Using Kalman Filter for CIR interest rate model parameter estimation was introduced at my previously post Kalman Filter finance, soon after that I got a few comments saying the final results are unstable and highly depend on the initial values, that’s true, local vs global minimum is never ending.
This post is therefore a sample test of the optimization functions in R as I started to move from Matlab to R recently, and R allows us to choose the method we’d like to use for minimization.
Purpose: to estimate the parameters for Vasicek interest rate model;
Function to be minimized: similar as in Kalman Filter finance, where a CIR model is used instead;
Number of Parameters: 8
Data: two years time series of 3 month, 6 month, 1 year and 5 year US interest rate;
R function to be tested: nlm, optim(Nelder-Mead), optim(BFGS), optim(SANN), nlminb, optim (L-BFGS-B)

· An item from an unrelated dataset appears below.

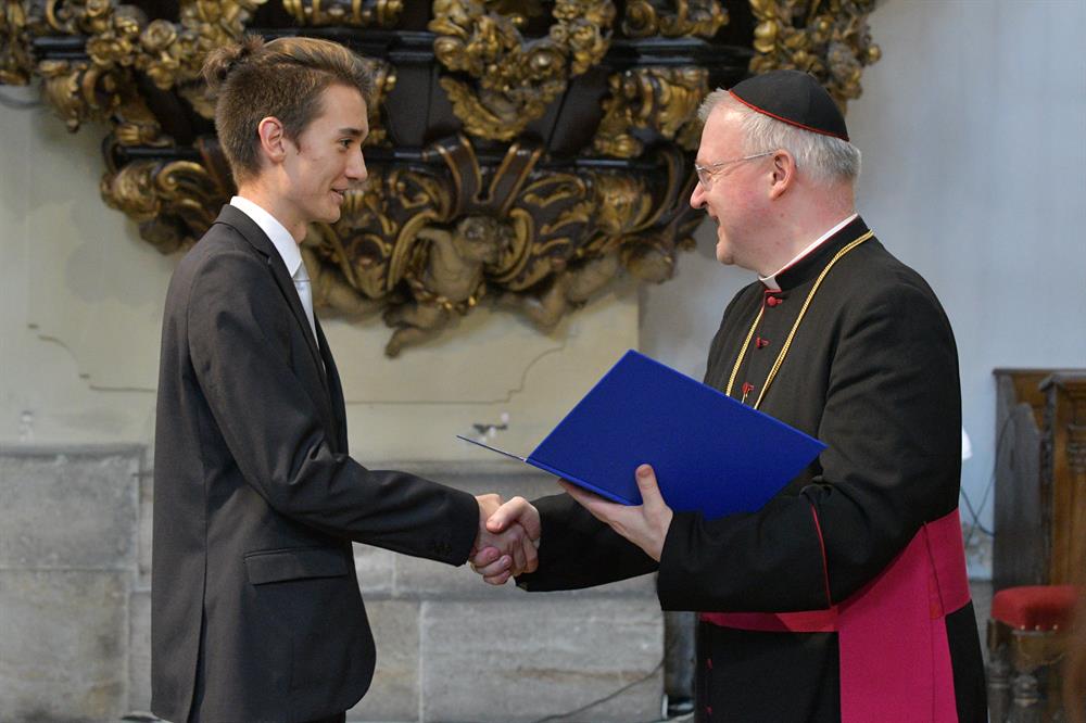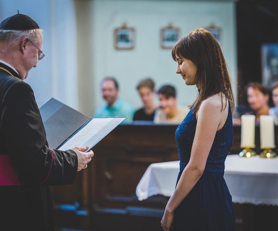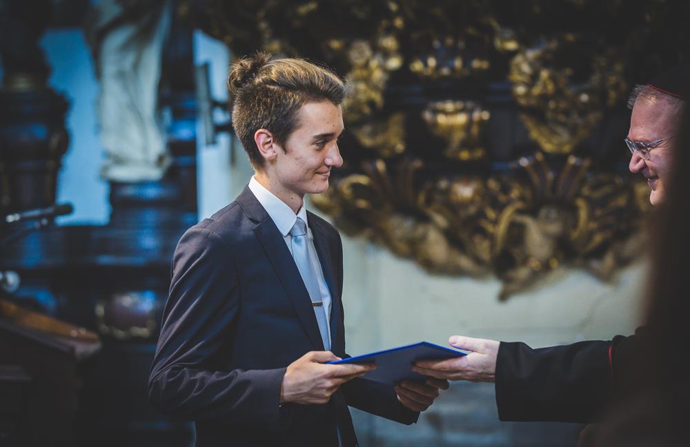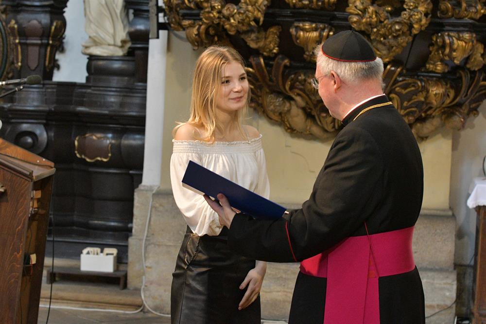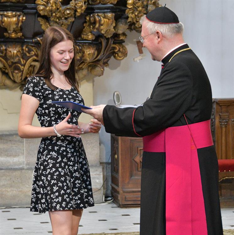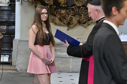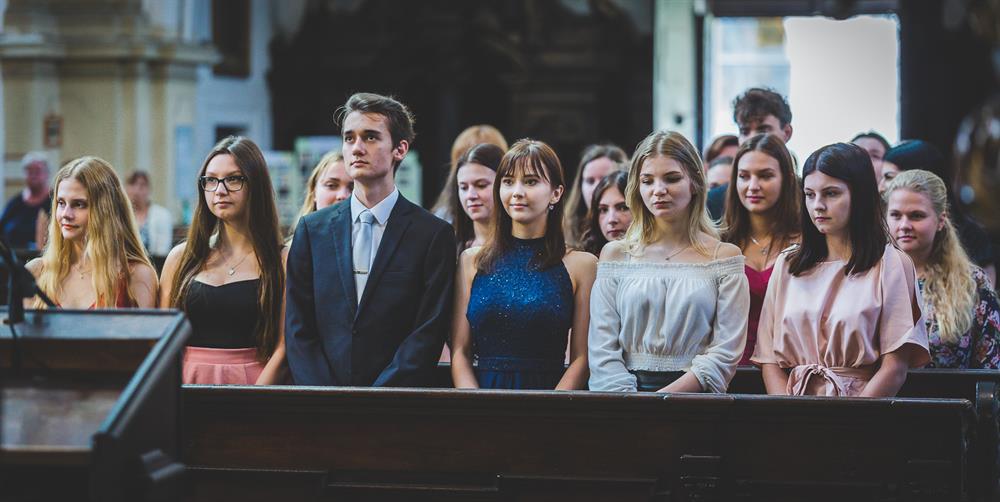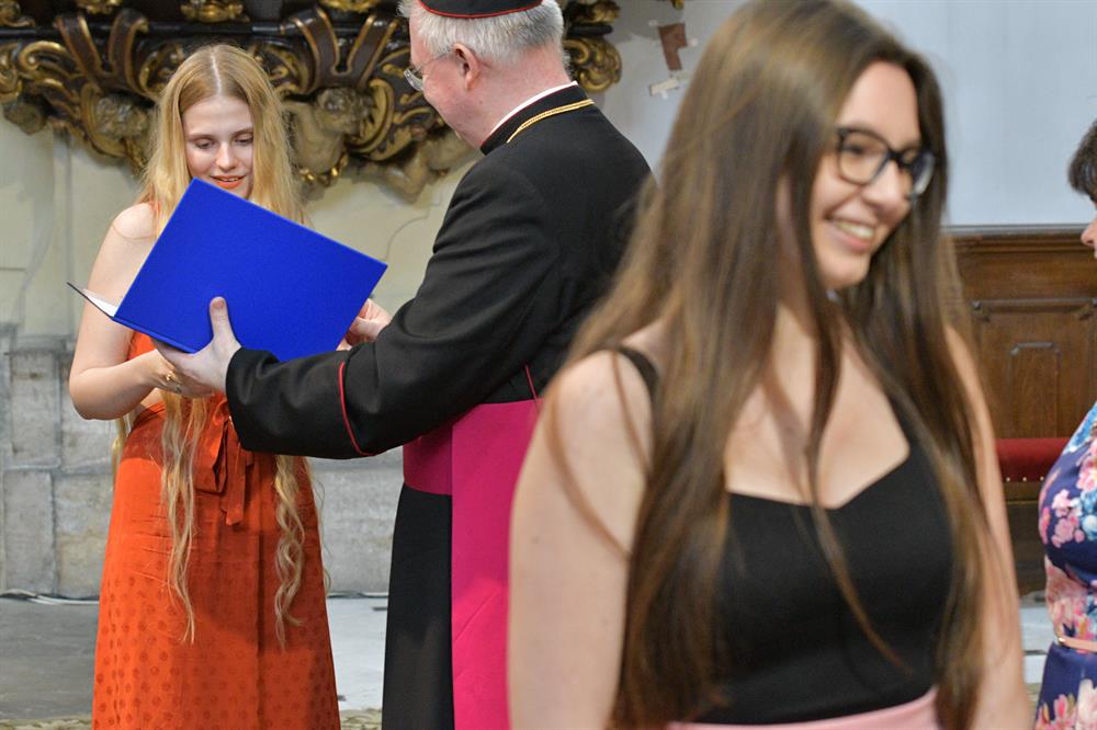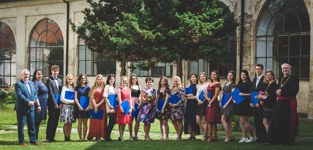 Předávání maturitního vysvědčení absolventům bohosudovského biskupského gymnázia a vernisáž

The true values are listed in the paper “estimating and testing exponential-affine term structure models by kalman filter“, abs.tol and rel.tol are set to be 1e-6 wherever possible, derivative is not given and unconstrained optimization is prefered
I intentionally set the starting values far away from the true ones in order to see which one is able to find closest answers, obviously nlminb outperforms all others and returns almost the true values, I change the starting values randomly and still, nlminb is the best and all R functions finish within seconds.
Check several alternative R optimization packages if you are not satisfied.